Die Preise sollen auf allen landwirtschaftlichen Produkten gesenkt werden, damit die Agrarerzeugnisse aus Europa mit den Weltmarktpreisen konkurrieren können. Wie soll der Landwirt das bewerkstelligen, wenn man gleichzeitig von ihm mehr und mehr Qualität verlangt?

Fernand Boden: Die im Juni beschlossene Reform begreift nur für die Milch Senkungen der Interventionspreise, in anderen Worten der garantierten Preise. Der Markt muss dieser Entwicklung jedoch nicht unbedingt oder nicht im vollem Ausmaß folgen. Es gibt Beispiele, insbesondere im Rindfleischbereich, wo die Interventionspreise gesenkt wurden, die Marktpreise jedoch stabil blieben, insbesondere bei Qualitätsprodukten. Es geht also darum, die garantierten Preise so zu gestalten, dass Überproduktion, die wir nur mit Subventionen auf dem Weltmarkt absetzen können, nicht angekurbelt wird und dass der Landwirt ein Produkt herstellt, das der Markt verlangt.

Es stimmt, dass die Ansprüche und Anforderungen an die Produkte und an die Landwirte höher werden. Der Verbraucher muss dies auch honorieren. Ansprüche werden auch von der Gesellschaft gestellt: Umweltschutz, Tierschutz, Lebensmittelsicherheit, Landschaftspflege. Diese werden nicht oder nur ungenügend über den Markt entgolten.

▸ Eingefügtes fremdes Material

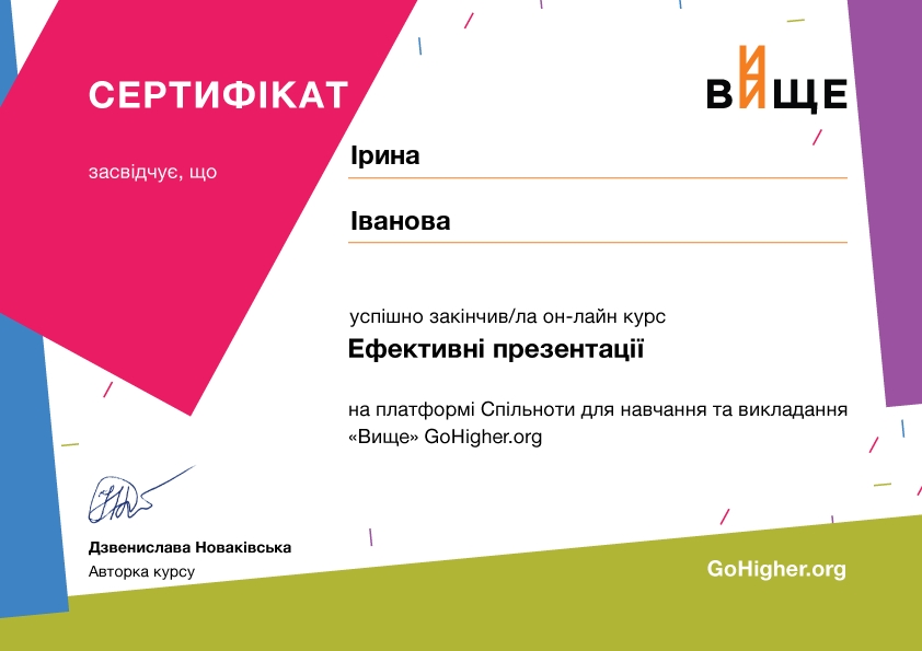 Цей онлайн курс розроблений для удосконалення шляху до вироблення нової системи створення презентацій. ППриродні моделі комунікації з людьми, які допоможуть утримувати їх увагу, будувати довіру і формувати партнерство.

Warum müssen wir unsere Preise überhaupt anpassen? In den Augen vieler Landwirte sind Welthandelsorganisation und Europäische Kommission ein Haufen weltfremder Funktionäre. Wie würden Sie den Landwirten die Notwendigkeit der Liberalisierung der Agrarmärkte tiberzeugend erklären?

Fernand Boden: Ziel der Reform ist es, die gemeinschaftliche Agrarreform so zu gestalten, dass sie noch stärker als bisher den Ansprüchen der Verbraucher und der Landwirte gerecht wird, und dies mit Instrumenten, die auch im internationalen Umfeld vertretbar sind. Die in der Reform beschlossenen entkoppelten Beihilfen sind nicht handelsverzerrend und sollen eine extensive Landwirtschaft fördern. Eine Agrarpolitik, die zu Überschüssen führt, die mit Exporterstattungen auf dem Weltmarkt abgesetzt werden, ist schwer zu vertreten. Wir müssen diesen Effekt mindern. Die Reformen werden dies tun.

Ihr Wunsch ist, die Vermarktung der Luxemburger Produkte besser zu bewerkstelligen. Welche Maßnahmen wurden bislang getroffen, welche stehen noch an?

Fernand Boden: Das Agrargesetz und seine Ausführungsbestimmungen sehen einerseits Maßnahmen vor zur Verbesserung der Verarbeitung und der Vermarktung der landwirtschaftlichen Produkte und andererseits Maßnahmen zur Vermarktung von Qualitätsprodukten. In meinen Augen steht der Rahmen zur Förderung von Initiativen in diesem Bereich.

Centralmarketing und Cepal durchlaufen derzeit eine schwierige Phase. Wird der Staat der landwirtschaftlichen Vermarktungsorganisation unter die Arme greifen?

Fernand Boden: Dadurch, dass Luxlait seine Zusammenarbeit aufgekündigt hat, schrumpfte der Umsatz des Unternehmens zur Hälfte. Ein Unternehmen, das 500 Angestellte beschäftigt, kann nicht so ohne weiteres allein gelassen werden, wenn gravierende Probleme auftreten. Die Regierung kam mit Cepal zusammen und hat auch die Kurzarbeit zugestanden. Im Rahmen der Gesetze, die bestehen, will die Regierung dem Unternehmen unter die Arme greifen. Verhindert werden soll, dass Angestellte entlassen werden müssen oder schlimmstenfalls der Betrieb eingestellt werden muss. Die Landwirte, die vor 50 Jahren das Agrocenter schufen, wollten den Landwirt als Bestandteil der Handelskette stärken. Die Idee eines solchen genossenschaftlichen Apparates ist mehr denn je aktuell.

Leider aber haben sich die Landwirte in verschiedene Gremien aufgegliedert, während die Nahrungsmittelindustrie sich mehr und mehr konzentriert hat.